Eight members of the OPEC+ group of producers, subject to voluntary extra output cuts, announced they will start increasing production from 1 April, planning to add 2.2 mln barrels a day of additional output over the next 18 months, with emphasis on “gradual” and “adaptable”.

This led to an immediate drop in the oil price.

Their decision may be in expectation of harsher sanctions on Iran and Venezuela taking oil off the market.

Analysts also believe it is in response to pressure from Trump and as Bloomberg points out, an “oil grand-bargain” isn’t geopolitical fantasy.

The US, Russia and Saudi Arabia may be working alongside in the oil market, if not explicitly then tacitly. They could join forces to coordinate oil policies.

In addition, investors have become very bearish about the outlook for petroleum prices as the economy and sanctions falter. As a result, Brent dropped to less than $71/b on March 20.

There was added pressure due to turmoil in top importer China’s economy and the possibility that its oil demand could peak soon due to the rapid penetration on EVs. In addition, supplies have also overwhelmed markets this year, with US oil producers pumping record amounts of oil.

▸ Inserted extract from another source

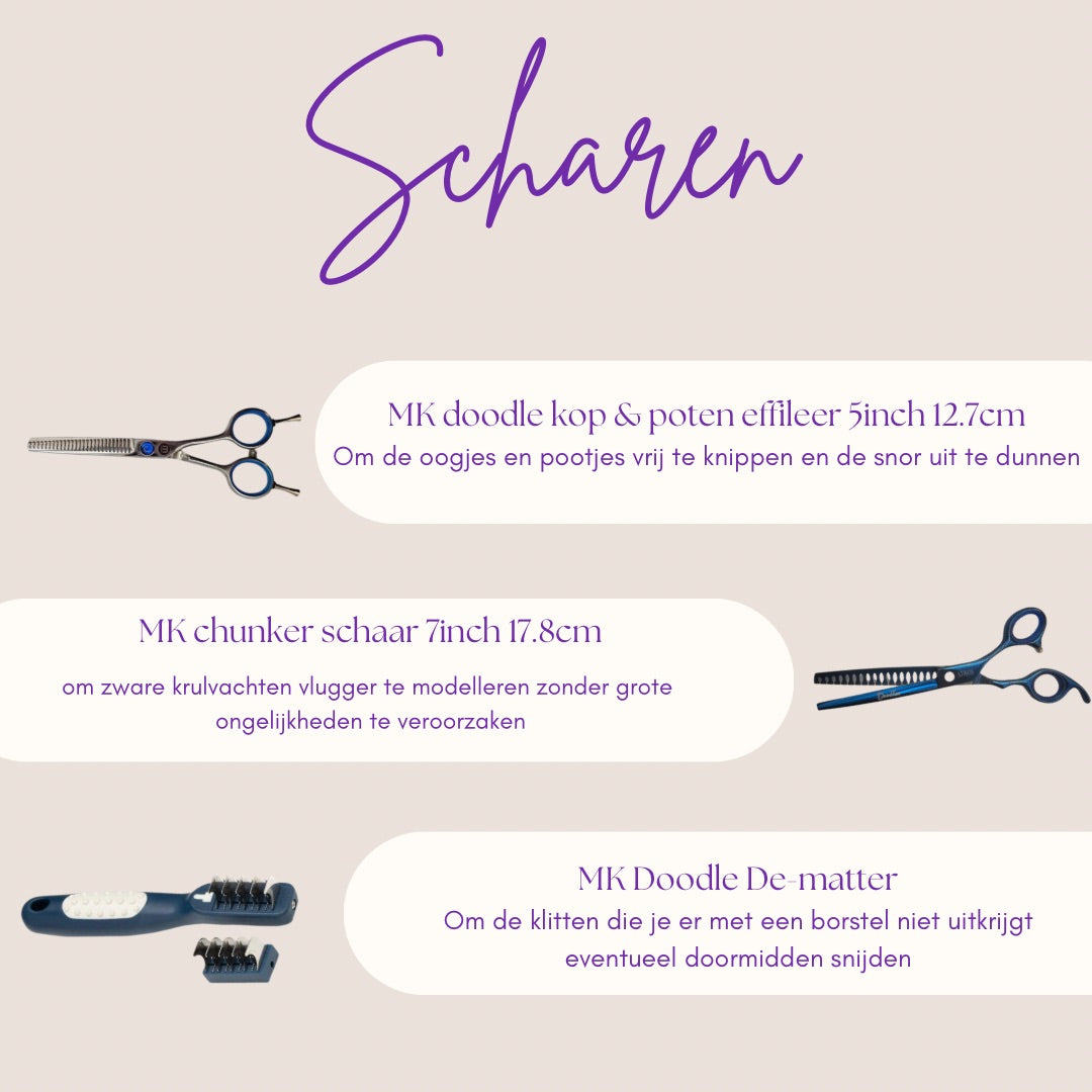 Geef de vacht van je doodle die perfecte, naadloze overgang met de Mikki Enkele Effileerschaar – onmisbaar voor elke thuis trimmende doodle-baasje!

As a result, the initial concern in response to intensified US sanctions on Iran and Venezuela has ebbed.

In any case, despite all new sanctions, fresh monthly data from the IEA shows that the combined crude output from Russia, Venezuela and Iran rose in February.

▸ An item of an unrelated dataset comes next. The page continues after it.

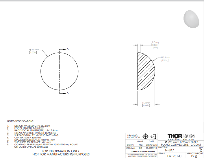 Thorlabs索雷博 LA1951-C 平凸透镜

Pessimism about the economic outlook has also induced gloom about the outlook for fuels, especially diesel. US gasoline futures experienced the heaviest selling for almost six months in February.

Increasing unpredictability

The oil market outlook is clouded by increasing unpredictability around geopolitical events and fundamentals.

Nevertheless, the International Energy Agency (IEA) said global oil demand will accelerate in 2025, despite economic uncertainty. It is expected to grow by over 1 mln bpd, up from 830,000 bpd growth in 2024, reaching a total annual output of 103.9 mln bpd, driven by demand for petrochemical feedstocks in China. But it warns that market uncertainties abound.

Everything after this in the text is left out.